▶ **Collected material**
'''

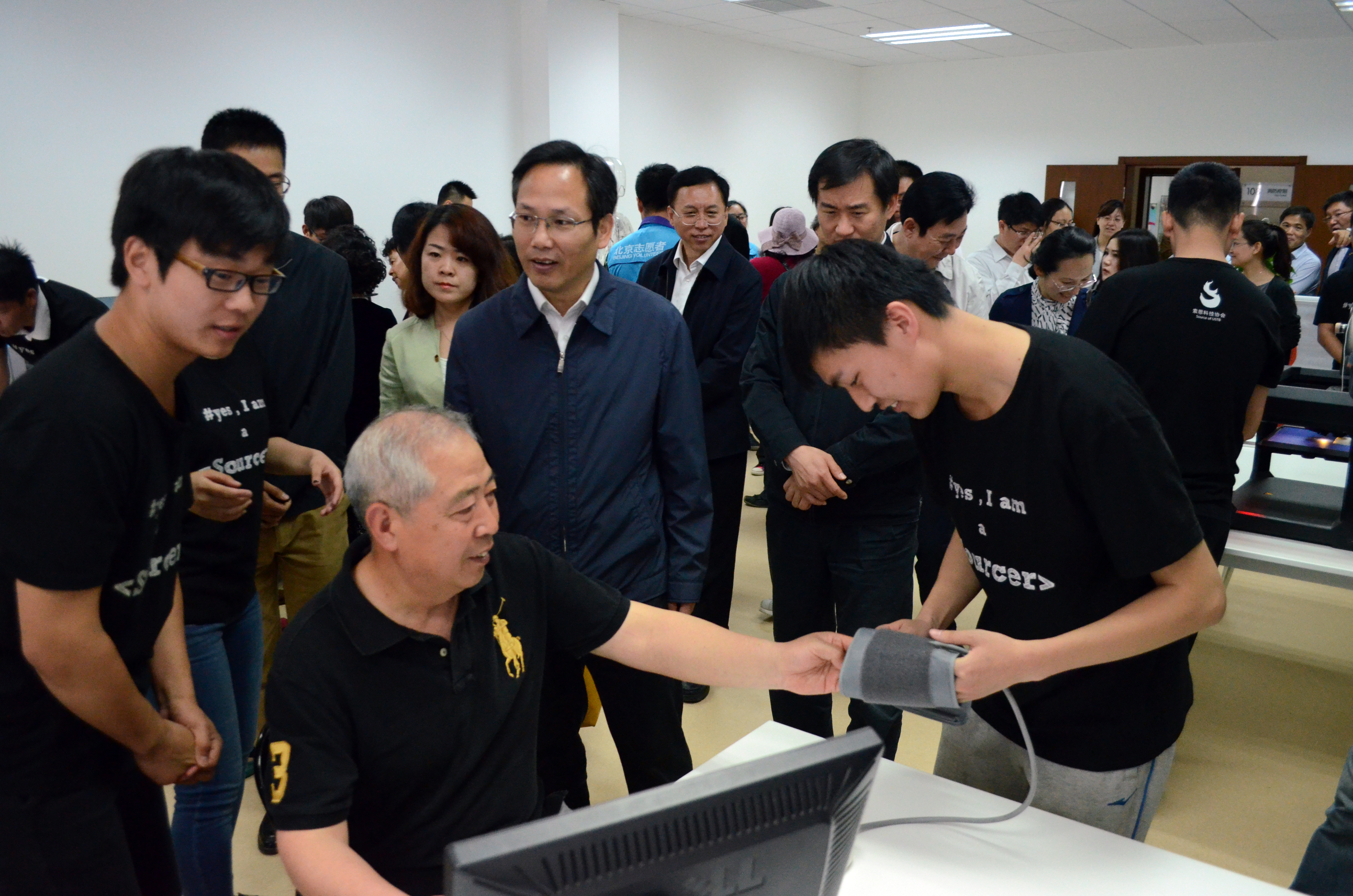 在索思科技协会副主席郑智予的解说下,徐书记一行了解了索思科技协会以及本次志愿服务项目的开展情况并实地体验了所有参展的科创作品,这些都是索思的同学们亲手制作发明的一些科技“利器”——具有老人跌倒自动报警及障碍物检测功能的智能拐杖、利用语音控制家居开关及聊天功能的智能养老机器人、中医知识科普及穴位经络检测的中医机器人、利用全息投影技术科普养生常识的3D幻影互动小人和血压、脉搏等健康指标检测记录分析的智能社区管理系统,这些诞生于学生科技创新实验室中的神奇发明为老人们提供了生活的便利,赢得了社区百姓的欢迎。同时徐书记还与正在现场通过智能社区管理系统测量血压的老人亲切互动,他询问了老人们本次活动的感受,老人纷纷表示学生们的热情很高,现在的科技很强大,给生活提供了很多便利。
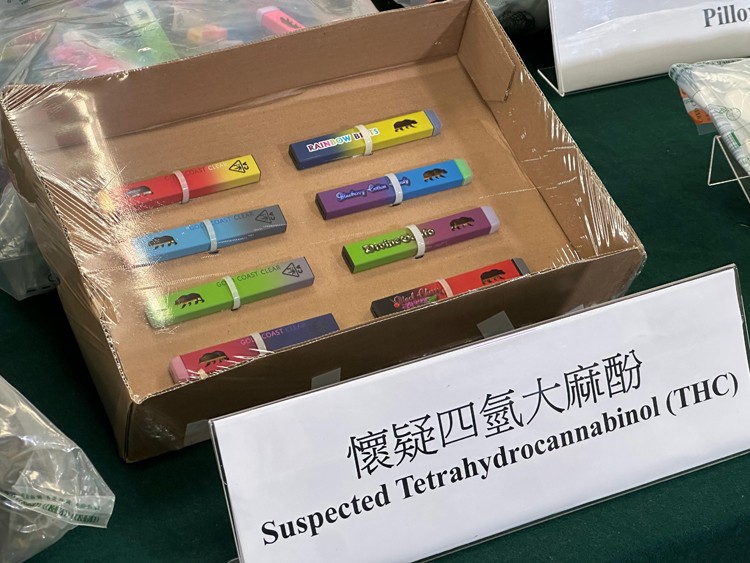 海關毒品調查科機場調查課高級調查主任何健麟表示,在11月初透過與海外執法機構交換情報,在機場和市區截獲4宗由美國寄往香港的貨物,檢獲19公斤冰毒,市值約1000萬元,相信毒販從美國將貨物寄往香港的共享辦公室作中轉站,再已速遞將毒品轉運到新西蘭。另外,針對販毒集團以集運方式在市內販毒,在葵涌和大圍的集運貨倉,檢獲9公斤液態冰毒、2公斤大麻,1公斤大麻枝,市值530萬元,拘捕一名男子(50歲),相信是其中一件貨件的收貨人。
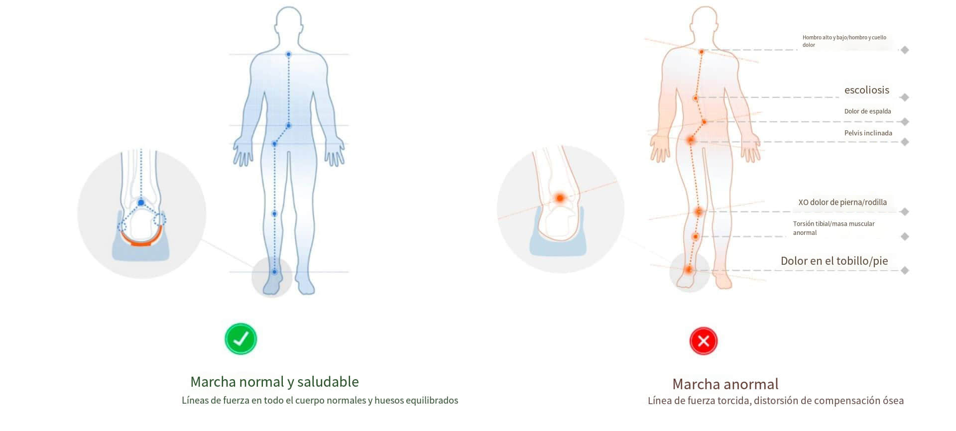 "Si el pie no está correcto, el mecanismo de protección del cuerpo hará que las articulaciones del cuerpo compensen. El tobillo, la rodilla, la cadera, la pelvis y la columna vertebral, desde abajo hacia arriba, se ven involucradas en la compensación.
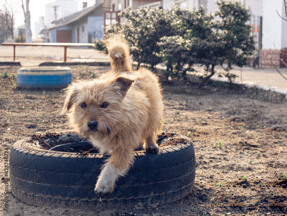 stray dog on a street near the train station, pets without owners

'''

▶ **Problem requirements**
Leave the pictures out, and print every line of the listing exactly as written.

▶ **Task solution**
 在索思科技协会副主席郑智予的解说下,徐书记一行了解了索思科技协会以及本次志愿服务项目的开展情况并实地体验了所有参展的科创作品,这些都是索思的同学们亲手制作发明的一些科技“利器”——具有老人跌倒自动报警及障碍物检测功能的智能拐杖、利用语音控制家居开关及聊天功能的智能养老机器人、中医知识科普及穴位经络检测的中医机器人、利用全息投影技术科普养生常识的3D幻影互动小人和血压、脉搏等健康指标检测记录分析的智能社区管理系统,这些诞生于学生科技创新实验室中的神奇发明为老人们提供了生活的便利,赢得了社区百姓的欢迎。同时徐书记还与正在现场通过智能社区管理系统测量血压的老人亲切互动,他询问了老人们本次活动的感受,老人纷纷表示学生们的热情很高,现在的科技很强大,给生活提供了很多便利。
 海關毒品調查科機場調查課高級調查主任何健麟表示,在11月初透過與海外執法機構交換情報,在機場和市區截獲4宗由美國寄往香港的貨物,檢獲19公斤冰毒,市值約1000萬元,相信毒販從美國將貨物寄往香港的共享辦公室作中轉站,再已速遞將毒品轉運到新西蘭。另外,針對販毒集團以集運方式在市內販毒,在葵涌和大圍的集運貨倉,檢獲9公斤液態冰毒、2公斤大麻,1公斤大麻枝,市值530萬元,拘捕一名男子(50歲),相信是其中一件貨件的收貨人。
 "Si el pie no está correcto, el mecanismo de protección del cuerpo hará que las articulaciones del cuerpo compensen. El tobillo, la rodilla, la cadera, la pelvis y la columna vertebral, desde abajo hacia arriba, se ven involucradas en la compensación.
 stray dog on a street near the train station, pets without owners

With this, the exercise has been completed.